Conduct and Etiquette

Conduct and Etiquette:

An advocate shall, at all times, comport himself an a manner befitting his status as an officer of the Court, a privileged member of the community, and a gentleman, bearing in mind that what may be lawful and moral for a person who is not a member of the Bar, or for a member of the Bar in his non-professional capacity may still be improper for an advocate. Without prejudice to the generality of the foregoing obligation, an advocate shall fearlessly uphold the interests of his client and in his conduct conform to the rules hereinafter mentioned both in letter and in spirit. The rules hereinafter mentioned contain canons of conduct and etiquette adopted as gneral guides; yet the specific mentioned thereof shall not be construed as a denial of the existence of others equally imperative though not specifically mentioned.

Section I - Duty to the Court

1. An advocate shall, during the presentation of his case and while otherwise acting before a court, conduct himself with dignity and self-respect. He shall not be servile and whenever there is proper ground for serious complaint against a judicial officer, it shall be his right and duty to submit his grievance to proper authorities.

2. An advocate shall maintain towards the courts a respectful attitude, bearing in mind that the dignity of the judicial office is essential for the survival of a free community.

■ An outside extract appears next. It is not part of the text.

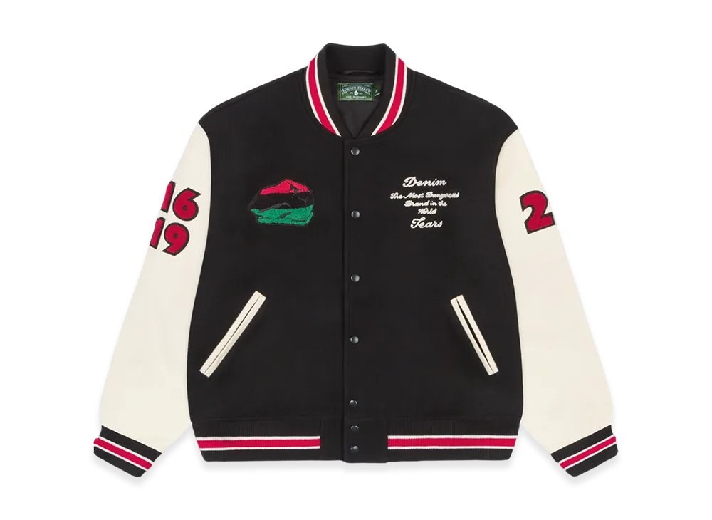 DENIM TEARS Peace Wreath Varsity Jacket "Black/White"

3. An advocate shall not influence the decision of a court by any illegal or improper means. Private communications with a judge relating to a pending case are forbidden.

4. An advocate shall use his best efforts to restrain and prevent his client from resorting to sharp or unfair practices or from doing anything in relation to the court, opposing counsel or parties which the advocates himself ought not to do. An advocate shall refuse to represent the client who persists in such improper conduct. He shall not consider himself a mere mouth-piece of the client, and shall exercise his own judgement in the use of restrained language in correspondence, avoiding scurrilous attacks in pleadings, and using intemperate language during arguments in court.

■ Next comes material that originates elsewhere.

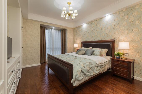 卧室的处理也是很简约,顶面用简单的吊顶再安上几枚筒灯,墙纸碎花的选择也很棒,因为客户的卧室整个空间较长,所以设计师选择了做衣柜+电视柜的设计,让整个空间的大小不得到任何损失,而又增加了储物性。

5. An advocate shall appear in court at all times only in the prescribed dress, and his appearance shall always be presentable.

6. An advocate shall not enter appearance, act, plead or practise in any way before a court, Tribunal or Authority mentioned in Section 30 of the Act, if the sole or any member thereof is related to the advocate as father, grandfather, son,grand-son, uncle, brother, nephew, first cousin, husband, wife, mother, daughter, sister, aunt, niece, father-in-law, mother-in-law, son-in-law, brother-in-law, daughter-in-law or sister-in-law.

*For the purposes of this rule, Court shall mean a Court, Bench or Tribunal in which above mentioned relation of the Advocate is a Judge, Member or the Presiding Officer.

7. An advocate shall not wear bands or gown in public places other than in courts except on such ceremonial occasions and at such places as the Bar Council of India or the court may prescribe.

8. An advocate shall not appear in or before any court or tribunal or any other authority for or against an organisation or an institution, social or corporation, if he is a member of the Executive Committee of such organisation or institution or society or corporation. "Executive Committee", by whatever name it may be called, shall include any Committee or body of persons which, of for the time being, is vested with the general management of the affairs of the organisation or institution, society or corporation.

Provided that this rule shall not apply to such a member appearing as "amicus curiae" or without a fee on behalf of a Bar Council, Incorporated Law Society or a Bar Association.

9. An Advocate should not act or plead in any matter in which he is himself pecuniarily interested.

Illustration:

I. He should not act in a bankruptcy petition when he himself is also a creditor of the bankrupt.

II. He should not accept a brief from a company of which he is a Director.

10. An Advocate shall not stand as a surety, or certify the soundness of a surety for his client required for the purpose of any legal proceedings.

Section II - Duty to the Client

11. An advocate is bound to accept any brief in the Courts or Tribunals or before any other authorities in or before which he proposes to practise at a fee consistent with his standing at the Bar and nature of the case. Special circumstances may justify his refusal to accept a particular brief.

12. An advocate shall not ordinarily withdraw from engagements, once accepted, without sufficient cause and unless reasonable and sufficient notices is given to the client. Upon his withdrawal from a case, he shall refund such part of the fee as has not been earned.

13. An advocate should not accept a brief or appear in a case in which he has reason to believe that he will be a witness, and if being engaged in a case, it becomes apparent that he is a witness on a material question of fact, he should not continue to appear as an Advocate if he can retire without jeopardising his client's interests. 14. An advocate shall at the commencement of his engagement and during the continuance thereof, make all such full and frank disclosure to his client interest.

14. An advocate shall at the commencement of his engagement and during the continuance thereof, make all such full and frank disclosure to his client relating to his connection with the parties and any interest in or about the controversy as are likely to affect his client's judgement in either engaging him or continuing the engagement.